I made the mistake of watching a movie the day before I vanished from the internet for a week and a half, and I made the further mistake of not writing the damned review before said vanishment. So, um, sorry about that.

On the bright side, the movie I saw was The World’s End, a movie which you no doubt already knew you wanted to see because of its links to the brilliant Shaun of the Dead and the pretty okay Hot Fuzz. The formula is not precisely the same as before, I guess? Where the other two movies were parodies of the zombie and action genre, this is less parody and more mash-up. In the unlikely event that you aren’t spoiled for the mash-up by previews, I will leave out one of the genres, but the other is…. well, okay, hard to qualify. It’s not precisely coming of age, because although Simon Pegg plays an uncomfortably old-looking man-child, all of his friends have clearly grown up[1]. It’s not precisely whatever genre The Big Chill is, if only because the mood isn’t nearly as solemn as all that.

But anyway, whatever it is, it’s funny and well-acted and building towards something meaningful and fellowshippy, when suddenly…. but, y’know, that’s why you should go see it.
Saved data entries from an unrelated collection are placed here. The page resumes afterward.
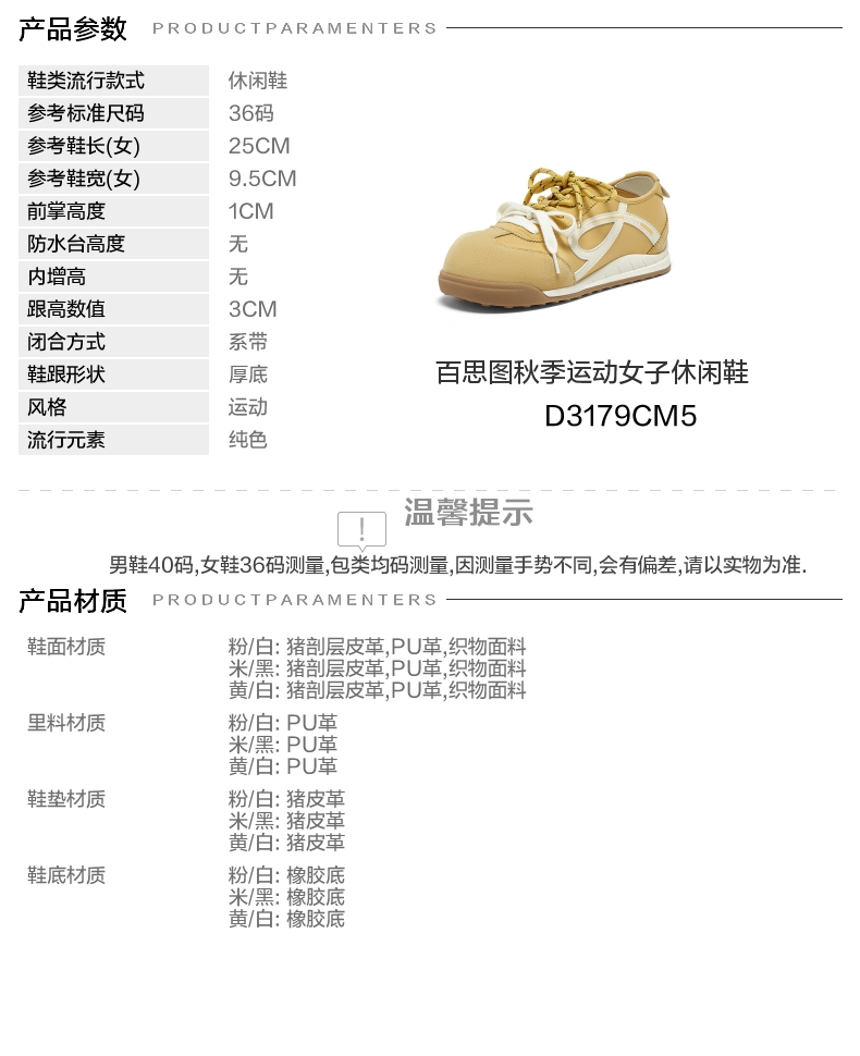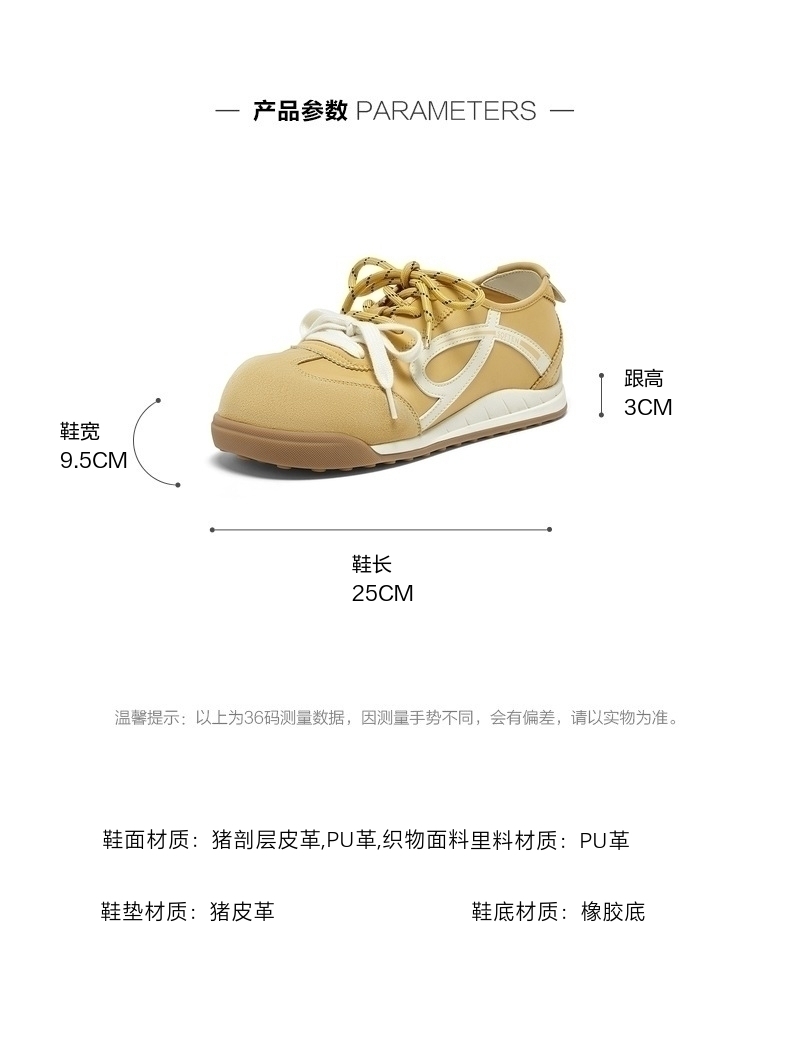 | 鞋帮:低帮 | 鞋底材质:橡胶底 | 内增高:无 | 鞋面材质:织物面料PU革猪剖层皮革 | 闭合方式:系带 |
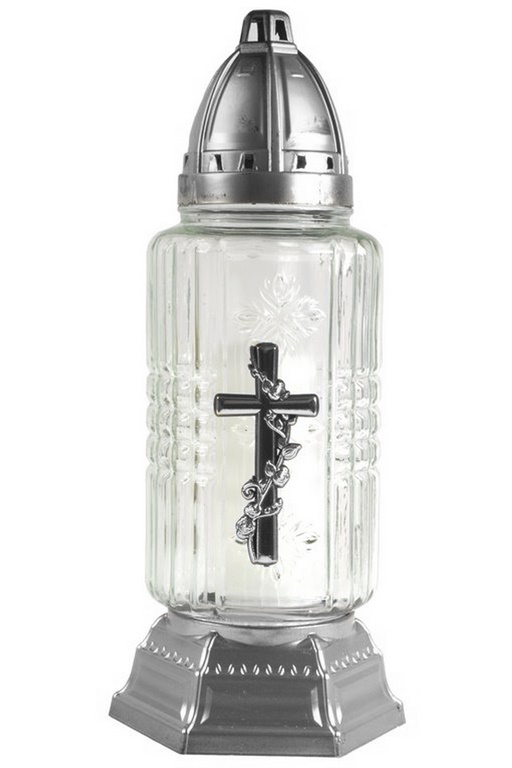 Art. nr: Z-540 KRZYŻ SREBRNY Wysokość znicza: 30,5 cmW opakowaniu: 6 szt. Na warstwie: 54 szt. Rodzaj opakowania: foliowe
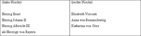 Die rechte Nische zeigt dagegen, wie an einen überstilisierten Stammbaum angehängt, drei Wappen in der Verteilung 1:2. Sie stehen für Mailand, [39] Braunschweig [40] und Görz [41]. Während das linke, bayerische Wappen für sich keinem Herrscher zugeteilt werden kann, kann die Identifikation der Personen, auf die sie sich beziehen soll nur über die drei Wappen rechts erfolgen, bei denen es sich zwangsläufig um Wappen von Ehefrauen Wittelsbacher Herrscher handeln muß. Geht man hier analog zur Erkerbemalung vor, von der die Wappen der rechten Nische bis hin zu den Fehlern im Görzer Wappen offenbar abgemalt worden sind, so handelt es sich bei den dargestellten Personen um
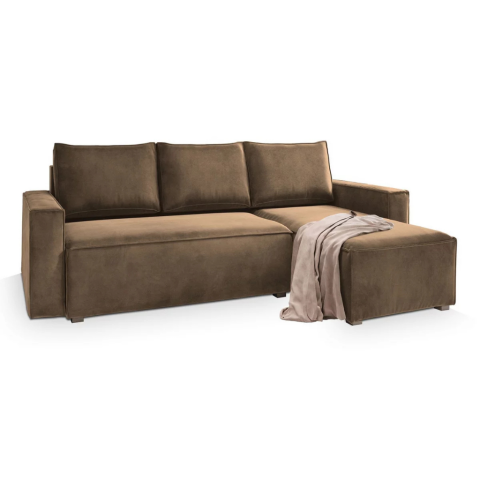 Világosbarna kihúzható sarokkanapé CAVELO, kétoldalas bútor termékleírás

On an unrelated note, I am sad that I do not have a bar named The World’s End to go to. And not only because of books Neil Gaiman wrote once upon a time.

[1] If anything, that’s the point.

The Hunger Games

I’ve already told you what The Hunger Games is about, back when it was a book. See, in a dystopian future (or alternate sci-fi world if you prefer, the movie makes no indications either way), twelve production districts are held in thrall of a totalitarian Capitol, partly by the extensive number of shock troops monitoring each district and partly by the annual sacrifice of their children to a televised arena deathmatch. And then there’s our heroine Katniss Everdeen, and the beginnings of possible change, and maybe a hint of a love triangle, but mostly just a really cool arena deathmatch and generally interesting characters.

Which is to say, it is extremely similar to the book in almost every respect. Sure, some scenes were trimmed back like always happens, but pretty much, this was a dead-on translation of the story. With one important exception! The story is not told in first-person, which is on one hand obvious, since what movie could be?, but on the other hand, I’m saying there’s not even any occasional narration. I’m also saying this is great news, as it makes Katniss far more likable than when you can never escape from her head, with its anger and its self-doubts. That wasn’t actually so bad in the first book, but I think it will make the next pair of movies far better than the books were.